A surety is one who engages to pay a debt, or to suffer a penalty incurred by another. Thus, Paul offered to become surety to Philemon for any debt that might be owing to him by Onesimus. "If he hath wronged thee, or oweth thee ought, put that on mine account; I, Paul, have written it with mine own hand, I will repay it."Judah, in like manner, offered himself as a surety for Benjamin, to suffer the penalty supposed to be incurred by him: "Now, therefore, I pray thee, let thy servant abide instead of the lad, a bond servant to my lord, and let the lad go up with his brethren." Gen. xliv. 33. By our, violation of the first covenant in Adam, and our own personal transgressions, we had forfeited our title to life, and incurred the penalty of death; and our Lord Jesus Christ, as the surety of the new covenant, engaged, by his obedience unto death, to redeem us from tile curse of the law, and to recover our mortgaged inheritance. "By so much was Jesus made a surety of a better testament." Heb. vii. 22. We are aware that the adversaries of the atonement insist, that the term surety, as here applied to Christ, is to be understood in a lax sense, as referring to his fidelity as a witness for God. But, were lie called a surety in this sense, it would refer to his prophetical, and not to his priestly office; whereas, it is evident from the context, that his suretyship regards his priesthood. It is in consequence of his being made a priest by an oath, that he is the surety of a better testament. But, as we have seen, the priesthood of Christ has God for its object: he is not a surety for God to us, but a surety for us to God. The oath of God is a sufficient guarantee on his part for the fulfillment of the promissory part of the covenant; but as we could not fulfill its condition ourselves, we needed a surety. We are also aware, that those who plead for a more general atonement, as opposed to a satisfaction in kind to the law and justice of God, adopt the word substitute instead of surety, to denote the relation in which our Lord stood to those for whom he suffered. But we apprehend that term does not fully express that relation. He acted and suffered in their room, not only as a substitute appointed by God, but as a surety bound by his own engagement, to fulfill the law in their stead.

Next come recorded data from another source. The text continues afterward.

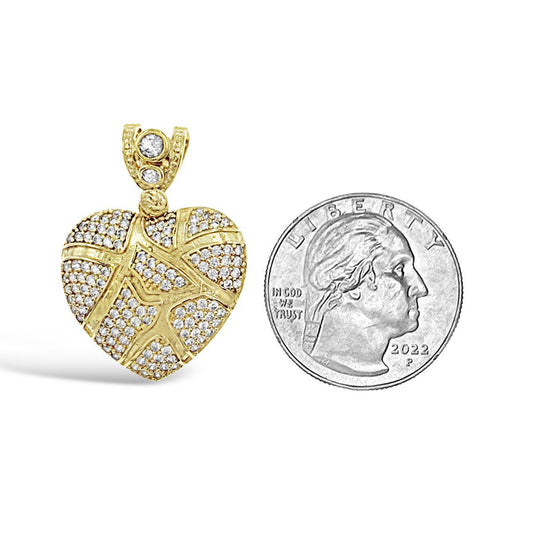 14k Yellow Gold Heart Pendant Love CZ Charm 1.2 inch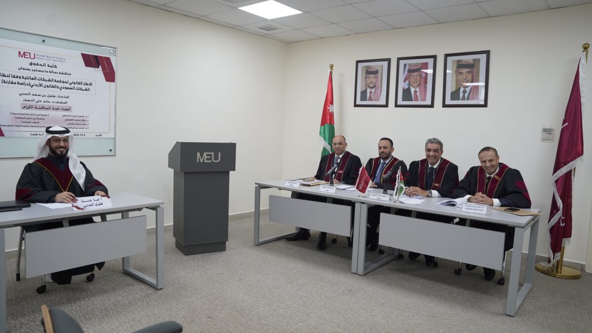 عمّان- نوقشت في كلية الحقوق بجامعة الشرق الأوسط رسالة ماجستير، بعنوان: القانوني لحوكمة الشركات العائلية وفقا لنظام الشركات السعودي والقانون الأردني: دراسة مقارنة، للباحث هليل الحربي، والتي هدفت إلى البحث في الإطار القانوني لحوكمة الشركات العائلية وفقا لنظام الشركات السعودي والقانون الأردني. وقد توصلت الدراسة الى عدد من النتائج أبرزها بيان أن المنظم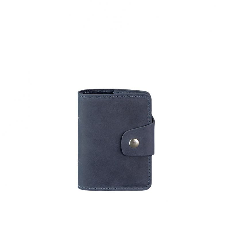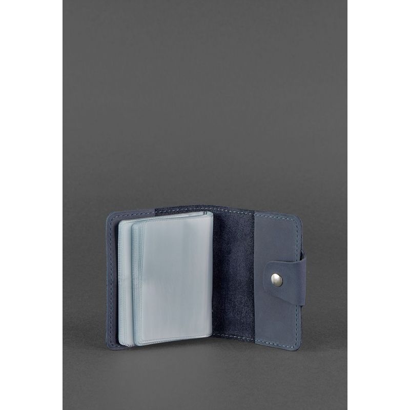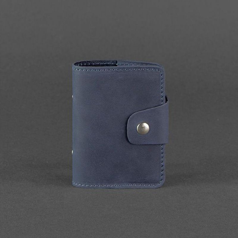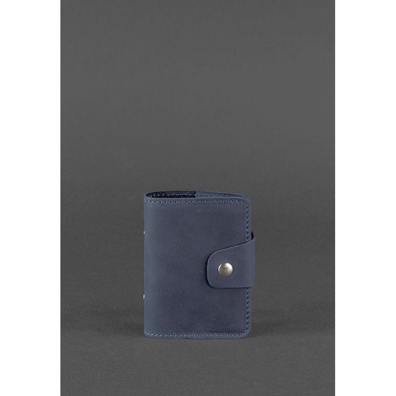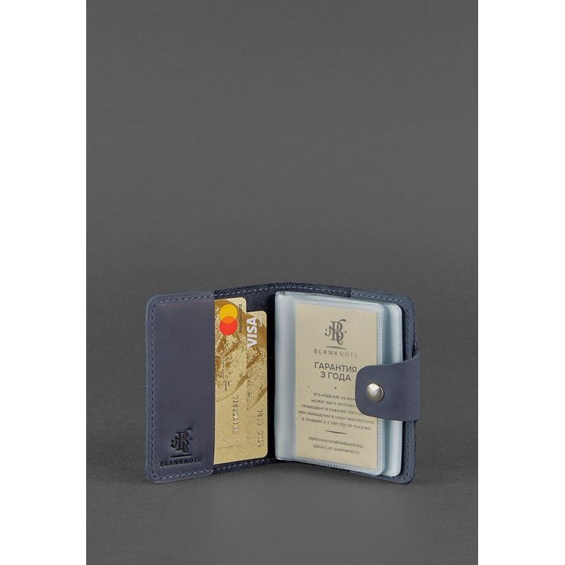 Кожаный кард-кейс для хранения банковских карточек и визиток. Выполнен аксессуар в виде книжечки с кожаной обложкой и прозрачными страничками.Он очень удобен в использовании - пролистали и быстро нашли нужную страничку, не нужно пересматривать все карточки. Имеется 20 прозрачных отделений и 2 кармана на обложке кард-кейса. Закрывается аксессуар на прочную металлическую кнопку. Изготовлен из натуральной кожи в темно-синем цвете. Такой аксессуар прекрасно подойдет и для мужчины и для женщины. Отличный вариант подарка для человека, который ценит качественные и натуральные вещи. Гарантия на кард-кейс - 3 года с момента покупки. ВНИМАНИЕ! Выделка данной кожи предполагает естественное появление на ней царапин и потертостей в ходе использования! От этого изделие становится более индивидуальным и приятным, это оценят настоящие поклонники винтажного стиля:)  А так же первое время кожа может краситься при сильном трении об другие предметы  - это особенность её выделки, постепенно этот эффект уменьшается,  кожа полируется и приобретает чуть глянцевый эффект. Фурнитура и комплектация может быть изменена производителем

The suretyship of our Lord implies the imputation of our sins to him and the imputation of his righteousness to us. On this subject we would explain-
First, that the enlightened advocates for the doctrine of imputation do not maintain that the personal actions of one being, may, by imputation, become the personal actions of another being: what is pleaded for, is, that the guilt or righteousness of the actions of one being may be reckoned to the account of another. Secondly, this is not pleaded for in regard to acts of obedience or disobedience to the law in its natural state and as performed by persons acting in a private capacity; but only in regard to acts of obedience or disobedience to the law in a covenant form; and as performed by persons acting in a representative capacity. It is the guilt of Adam's first sin, committed by him as a public representative in the covenant of works, that is imputed to his posterity, and not the guilt of his future sins, after he had ceased to act in that character. In like manner, the guilt of our sins was imputed to Christ, as the surety of the covenant of grace, that he might bear their punishment from God; and it is his righteousness, as a surety, that is imputed to us for our justification. The word impute invariably signifies to reckon to the account of a person, or to charge to his account. It is a judicial term, and when used with reference to guilt or desert, it expresses the act of a judge charging that guilt upon a person in order to punishment.

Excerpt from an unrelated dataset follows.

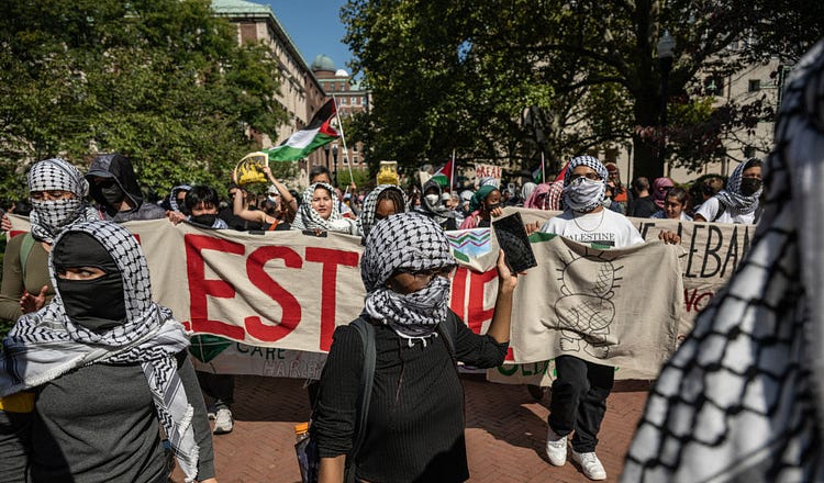 Students protest against the war in Gaza on the anniversary of the Hamas attack on Israel at Columbia University in New York City, October 7, 2024. (Victor J. Blue via Getty Images)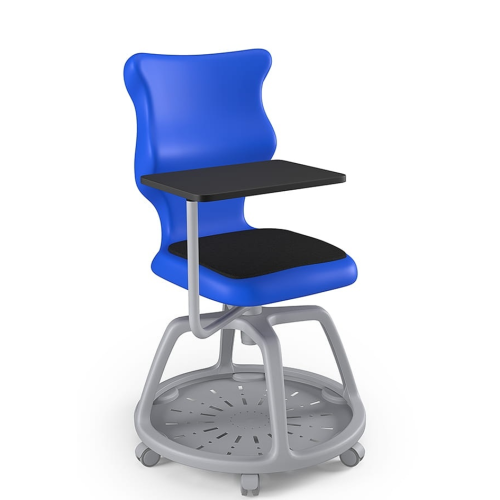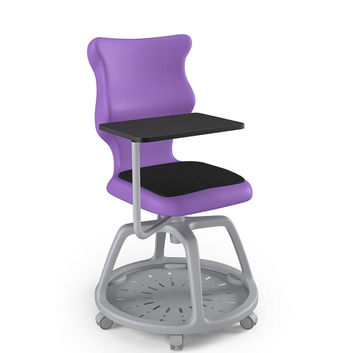 Stolička je kombináciou ergonomického plastového sedadla s mäkkou čalúnenou podložkou a funkčnou sivou základňou, ktorá umožňuje maximálne využitie priestoru pod stoličkou. Stolička je vybavená sklopným plastovým stolíkom. Produkt obsahuje kolieska, ktoré umožňujú pohyb stoličky po tvrdých povrchoch. Tento model je dostupný v 1 veľkosti a je navrhnutý pre udržanie správnej polohy sedenia. Široká farebná paleta umožňuje vybrať stoličky pre akýkoľvek typ vzdelávacieho interiéru. Produkt navrhnutý a vyrobený v EÚ. Stoličky sú certifikované na použitie v školách. Nosnosť výrobku je 110 kg. Pri dopytoch a objednávkach uvádzajte farbu sedáku do poznámky.

When we say that sin was imputed to Christ as our surety, we mean only that the guilt of it was imputed.
The guilt of sin is the legal obligation it lays the sinner under to suffer the punishment due to his crimes, and the punishment of sin is death. But it is impossible to account, in a satisfactory manner, for the death of infants, who are never capable of personal transgression, unless by admitting, that the guilt contracted by Adam's first sin is charged upon his posterity. This is the way in which the apostle Paul accounts for it: "By one man sin entered into the world, and death by sin; and so death passed upon all men, for that all have sinned: for, until the law, sin was in the world; but sin is not imputed where there is no law. Nevertheless death reigned from Adam to Moses, even over them who had not sinned after the similitude of Adam's transgression, who is the figure of him that was to come." Romans v. 12-14. Some, indeed, reject the word impute. They associate with it the idea of such a transfer as actually imparts guilt, and does not merely impute it. But their offence at the word impute is wholly unnecessary.

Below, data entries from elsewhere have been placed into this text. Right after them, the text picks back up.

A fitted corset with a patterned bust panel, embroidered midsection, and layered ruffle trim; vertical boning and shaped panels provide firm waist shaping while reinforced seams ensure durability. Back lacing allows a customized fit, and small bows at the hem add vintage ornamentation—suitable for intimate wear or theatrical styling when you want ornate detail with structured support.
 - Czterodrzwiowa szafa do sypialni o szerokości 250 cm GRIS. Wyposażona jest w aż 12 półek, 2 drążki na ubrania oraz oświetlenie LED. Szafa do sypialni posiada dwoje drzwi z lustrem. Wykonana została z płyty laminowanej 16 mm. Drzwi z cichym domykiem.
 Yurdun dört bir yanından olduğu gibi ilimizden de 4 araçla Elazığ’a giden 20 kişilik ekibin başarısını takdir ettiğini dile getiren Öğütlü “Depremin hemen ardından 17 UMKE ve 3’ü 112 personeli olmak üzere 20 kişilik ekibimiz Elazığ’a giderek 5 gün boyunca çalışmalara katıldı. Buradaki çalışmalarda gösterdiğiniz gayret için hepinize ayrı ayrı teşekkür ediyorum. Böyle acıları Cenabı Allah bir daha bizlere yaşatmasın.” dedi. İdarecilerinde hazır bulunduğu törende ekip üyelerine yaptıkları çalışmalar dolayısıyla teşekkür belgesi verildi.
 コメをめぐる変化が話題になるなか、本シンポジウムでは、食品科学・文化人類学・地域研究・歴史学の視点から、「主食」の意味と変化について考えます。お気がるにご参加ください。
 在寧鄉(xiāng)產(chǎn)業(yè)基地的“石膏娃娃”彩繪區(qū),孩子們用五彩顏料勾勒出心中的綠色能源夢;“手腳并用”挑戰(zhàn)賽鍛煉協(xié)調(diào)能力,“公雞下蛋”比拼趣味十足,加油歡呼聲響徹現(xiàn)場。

When the word impute is applied to persons in themselves criminal, it does not signify the conveyance of guilt to the criminal, but only the judicial charge of it upon him. This is evident from the example of Shimei. He had cursed David, and he was conscious of the guilt contracted by the action, as well as the criminality of the action; and his consciousness of guilt, as we have seen, dictated his request to David, "Let not my Lord impute sin unto me." 2 Sam xix. 19. He could not therefore, be understood as requesting the king not to impart the guilt of the action to him which he had contracted by his own criminal conduct. What he requested obviously was, that the king would not judicially charge him with it in order to his suffering punishment. That this was his meaning, is obvious from the king's reply in the way of granting his request. "The king said unto Shimei, thou shalt not die; and the king sware unto him." 2 Sam. xix. 23. Now, what is pleaded for is, that, in the same sense, our guilt was imputed to Christ, not by imparting it to him so as to make it his in the same sense as it was ours, but by judicially charging it to his account, in order to punishment. These observations are the more necessary, as some of the friends of the doctrine of our Lord's suretyship have stumbled at the word impute, as applied to the charging of our guilt to his account, from the idea that it implies a change of personal character. But this is a mistake; the word impute implies no such change. Had David imputed iniquity to Shimei, he had not made his personal character either the worse or the better; but merely charged his guilt upon him in order to his being put to death. In like manner, when our guilt was imputed to Christ, or laid upon him, it did not change his personal character. When bearing our sins in his own body on the tree, he was still "the just suffering for the unjust, that he might bring us to God." 1 Peter iii. 18.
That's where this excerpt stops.